2 Stack your promotional planning and leverage it with distributors and retailers so your discount really moves the sales needle. Say you’re offering a 15% OI to the distributor. They will (hopefully) pass some of that discount down to retailers to buy your product – but a 15% discount may not be enough for the retailers to pass on a deal to their customers. So, while you’ve incentivized the distributor and retailer to buy your product, there isn’t anything in place for the end consumer. This is where you might line up an MCB2 or a scan-back to move the needle with both retailers and consumers.

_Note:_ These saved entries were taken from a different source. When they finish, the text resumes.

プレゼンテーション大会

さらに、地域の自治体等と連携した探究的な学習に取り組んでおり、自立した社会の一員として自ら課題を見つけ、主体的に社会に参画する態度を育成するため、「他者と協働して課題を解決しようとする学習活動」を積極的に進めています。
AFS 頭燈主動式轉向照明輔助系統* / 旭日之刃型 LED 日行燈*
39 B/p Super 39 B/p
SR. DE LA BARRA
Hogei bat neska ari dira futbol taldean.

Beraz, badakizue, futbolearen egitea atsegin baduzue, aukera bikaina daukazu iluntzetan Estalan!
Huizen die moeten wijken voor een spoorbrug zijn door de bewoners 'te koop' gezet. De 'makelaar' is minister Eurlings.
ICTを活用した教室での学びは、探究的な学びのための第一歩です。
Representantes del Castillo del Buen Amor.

3 If you’re lining up an MCB with retailers to coincide with your OI, try to leverage that big promotional push to get a secondary or tertiary display in-store, promotional signage, or get moved to a better (more visible) spot on-shelf. The point of a promotion is movement at every level: the distributor buys more product, retailers buy more product or try your product for the first time, and consumers take a chance on your discounted item. It takes a coordinated effort to pass a discount down through the food chain. The key is to communicate with all partners and make sure it’s executed properly at each point: from retail buyers knowing the deal is coming, to having proper signage on shelf letting customers know your product is on sale. That will hopefully prevent distributors and retailers from having a surplus of product that takes a while to sell-through, leaving you without new POs for many moons.

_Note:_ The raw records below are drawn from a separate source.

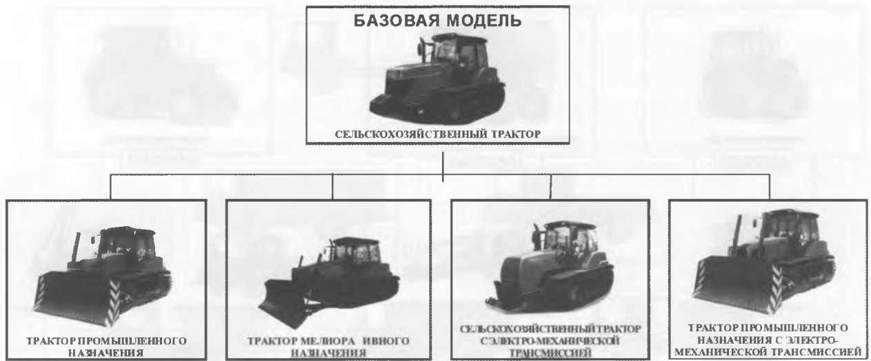
Рисунок 4 — Семейство гусеничных тракторов

Дальнейшее развитие этого направления получило при создании семейства дорожно-коммунальных машин улучшенного дизайна (рисунок 6).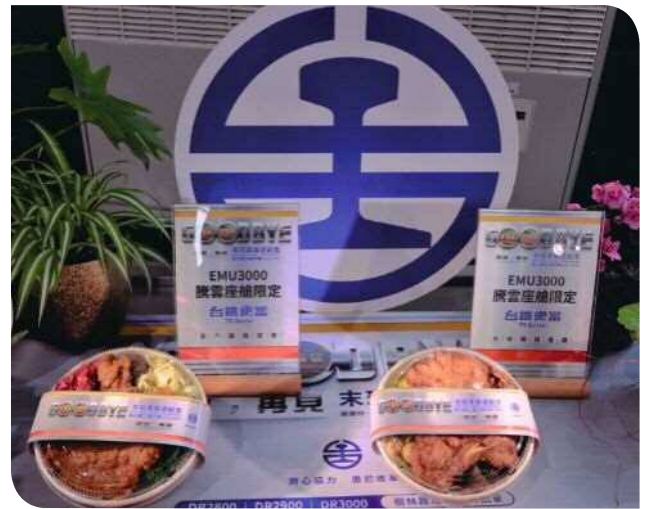
▲隨車發售騰雲座艙限定台鐵便當

樹林車站台鐵便當店、兩列紀念列車及花蓮夢工場限量販售 1 日快閃限時限量的「騰雲座艙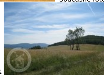
Současné fotografie - objekt v krajině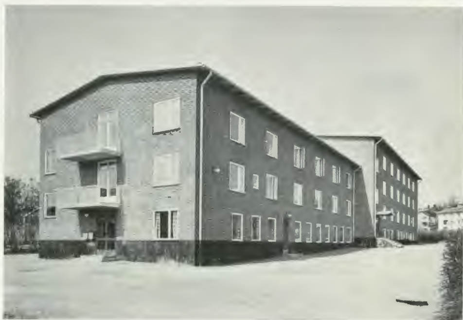
Upptagningskolan för döva i Härnösand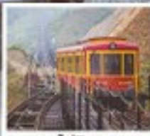
รถไฟเวียนแดง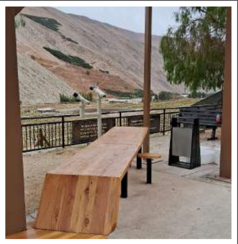
Mirador Chañar Blanco Paihuano Región de Coquimbo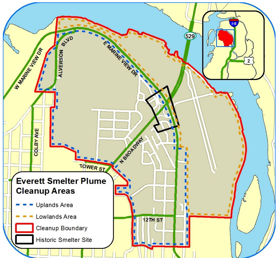
Figura 1: Sitio de Limpieza de la Fundidora de Everett

El sitio de limpieza está dividido en dos áreas de limpieza: Tierras Altas (residencial) y Tierras Bajas (industrial/comercial). Las dos áreas tienen diferentes horarios de limpieza.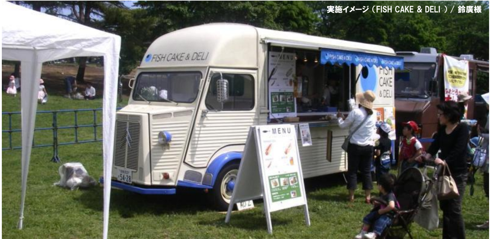
実施イメージ (FISH CAKE & DELI) / 鈴廣様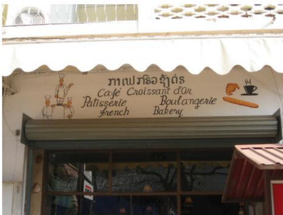
Une boulangerie au Laos

Voici des images des différents endroits du monde dans lesquels on célèbre le fait d'utiliser le français.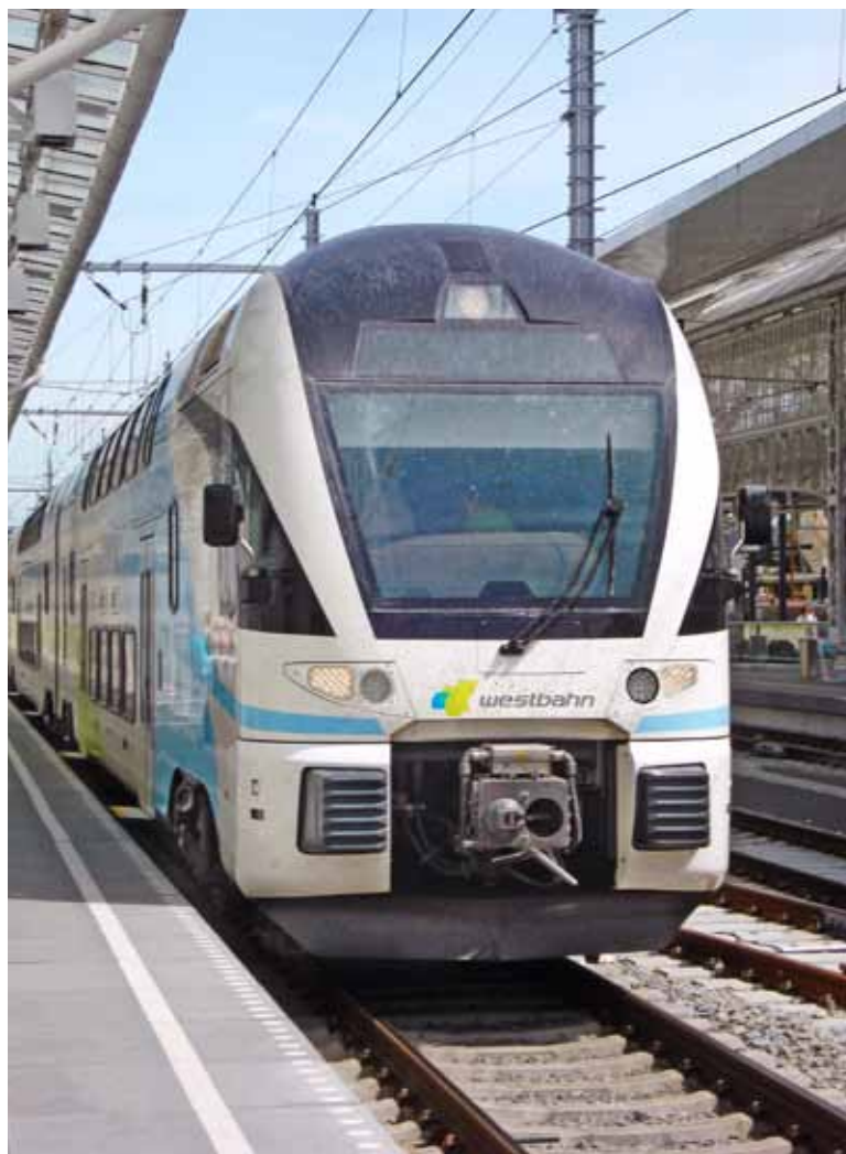
Neue Westbahn: Gewisses Mass an Intimität.

4 With many distributors, you can push back and revise POs if you’re concerned with the amount they’re ordering. This can be a way to avoid bridge buys.
Avoiding Free-Fills Because MCBs are between a retailer and a distributor, you as a brand are not involved. You may be “encouraged” to offer up free-fills3 to open up accounts. If you can, avoid free-fills. Unfortunately, they’re not always avoidable, especially if a larger chain demands them. Just be aware that you will be charged back the “listing price” to retailers for your product, not your wholesale price to distributors. So know your list price, and don’t authorize blanket freefills.

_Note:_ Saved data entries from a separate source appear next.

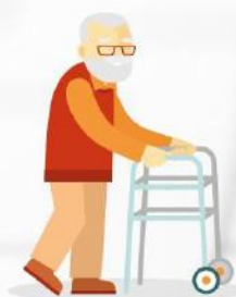
L'adaptation de l'habitat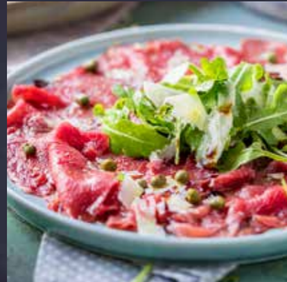
CARPACCIO MET RUCOLA, PIJNBLOEMPITTEN EN DRESSING

WORDT AANGELEVERD MET 1 AFBAKSTOKBROOD EN VERSE TAPENADE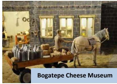
Bogatepe Cheese Museum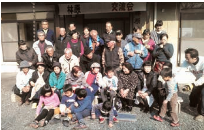
楽しいことも一緒に（林原区）

マップ作成だけでなく、防火訓練・避難訓練を開催したり、炊飯袋（ハイゼックス）を使った炊き出しや防災の講演会を開催したりした地区もあります。また、子ども達も参加できるような防災の取り組みと交流会を組み合わせた地区もありました。 この機会に皆さんの地域でも取り組んでみませんか？ コロナウイルス感染防止策を施しながら、出来ることから始めていきましょう。 菊池市社協では、地域における防災見守りマップ作りや防災の取り組み等をお手伝いします。ぜひ、お気軽にご相談ください。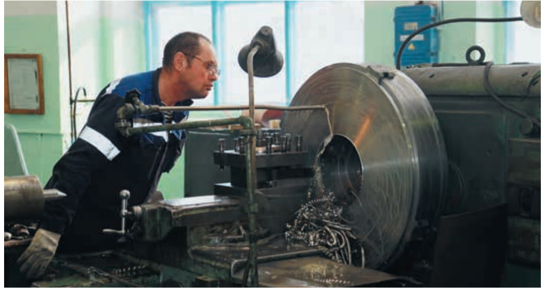
За последние годы в состав УМТСиК вошло несколько производственных участков, так что Управление теперь не только снабжает и комплектует, но еще и производит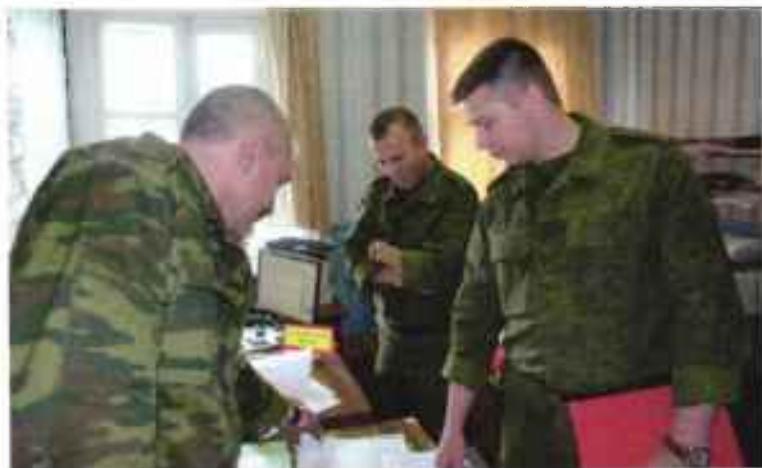
Представители штаба ЗВО проводят проверку воинского учета и оповещение мобилизационных ресурсов в МО МР «Корткеросский».

В связи с реорганизацией Вооруженных Сил, в ноябре 2014 года на основе Северного флота было создано Оперативное стратегическое командование – «Северный флот», который, по сути, стал пятым военным округом Вооруженных Сил России.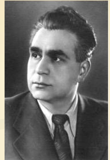
Нэлепп Георгий Михайлович (1904 – 1957 г.г.)

советский оперный певец, актер большой сценической культуры.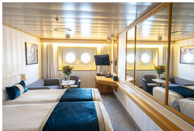
Cabine sur le pont 3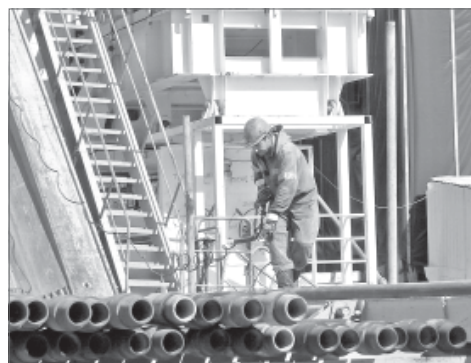
За смену колонну наращивают 12-метровыми трубами 8-10 раз.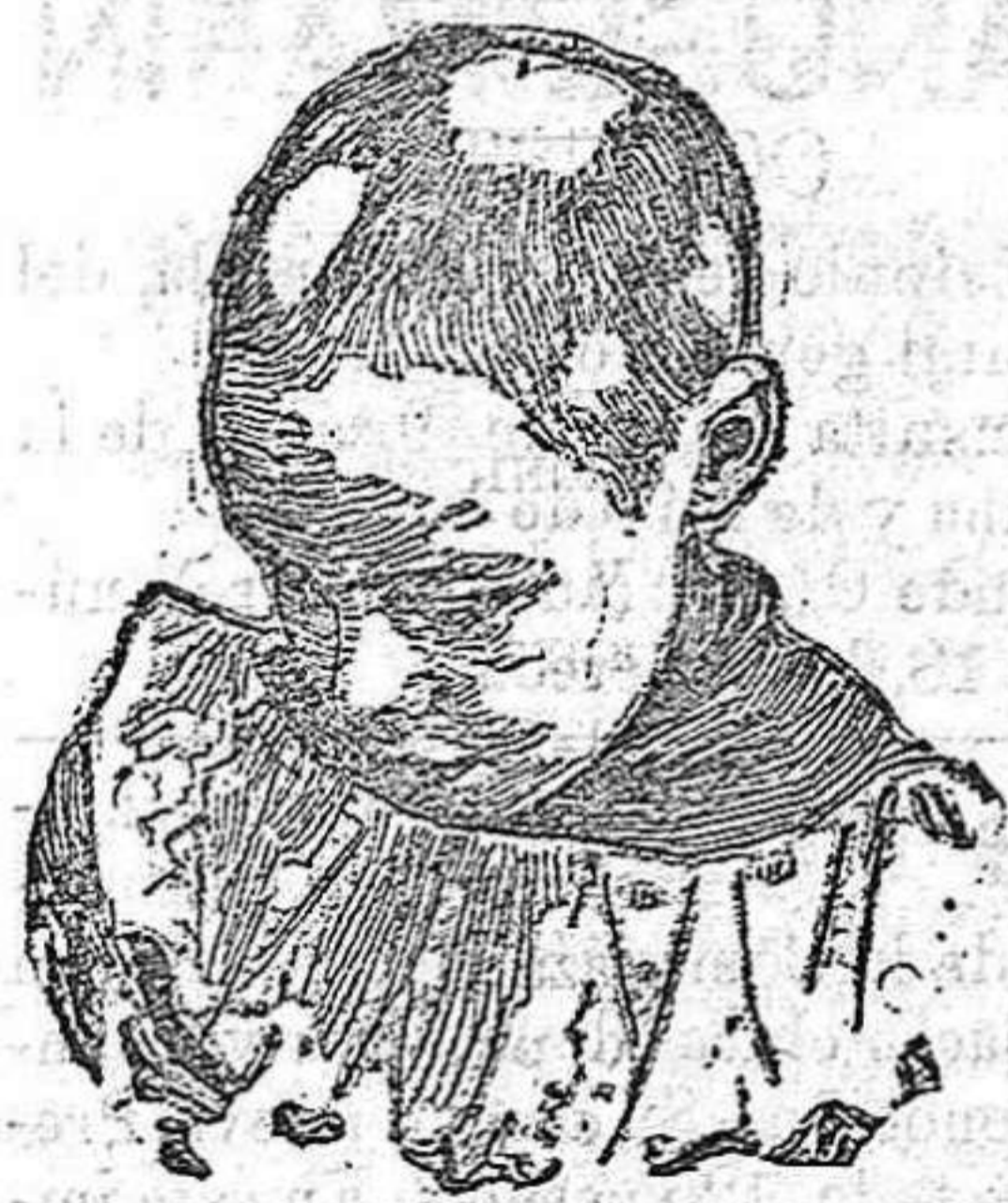
Antes de usar el Capilhol.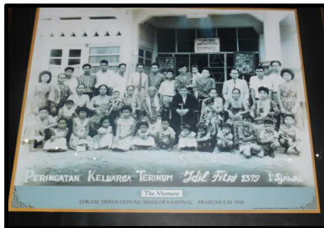
Gambar 1: Foto bersama keluarga Terinum di halaman Gedung Bioskop Nasional

Observasi yang dilakukan dibekas gedung bioskop Nasional masih ditemukan beberapa ornamaen yang menggambarkan suasana bioskop Nasional dari dekade 1950-1990an.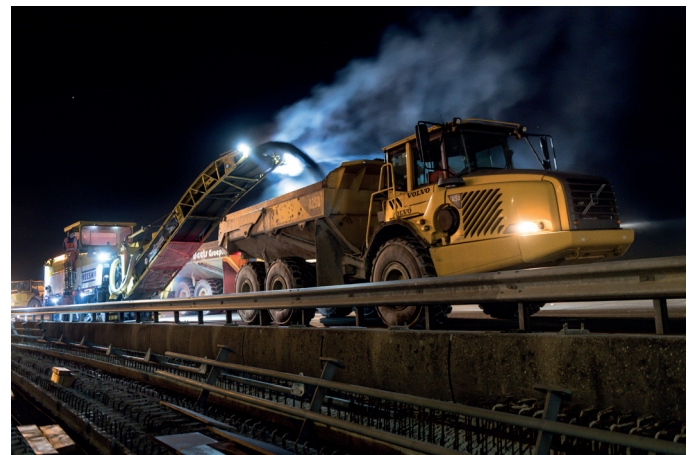
Afbeelding 3 Freeswerk

Verkeer wordt omgeleid via de Droespolderweg en oprit 14 bij de Trentweg.

Managing Case Size Velocity will be measured at the store level by units sold, but distributors (and retailers) will often measure success by cases sold. If your master case has twelve retail case packs in it, and your retail case packs each have 24 units, then it may take a longer time to get a reorder than if each master case had two retail cases and each retail case had twelve units. If possible, it’s better to have a smaller master-case pack size and/or retail case pack size. It helps with both velocity and perceived velocity.
DSD (DIRECT STORE DELIVERED) DISTRIBUTION
DSDs are local or regional distributors that service smaller accounts and sometimes larger chains as well. There is a lot of variance in DSDs, who they service, how they work, and what kind of margins they take. Offering Incentive to Move Product It’s been my experience that managing through the distribution reps and offering good incentives (usually a SPIF4) can help move product. DSD reps often have 100+ brands they’re working with, so you’ll need to communicate effectively and make it worth their while to sell you in and keep the reorders coming.
Beware DSD Contracts Pay attention to what you sign. A lot of times a DSD will try to lock in the exclusive rights to distribute your brand and charge you a large fee to break that contract. It’s important to make sure they’re the right fit, and if you have other distribution already in place, carve that out and make sure they can’t claim it (unless you want to hand that business over).
CONCLUSION
Supplying to a distributor comes with opportunities, but many risks. Knowing what to watch out for and how to best make use of your partnership can make or break your distribution strategy. I hope this article will help you navigate challenges as you expand your distribution footprint.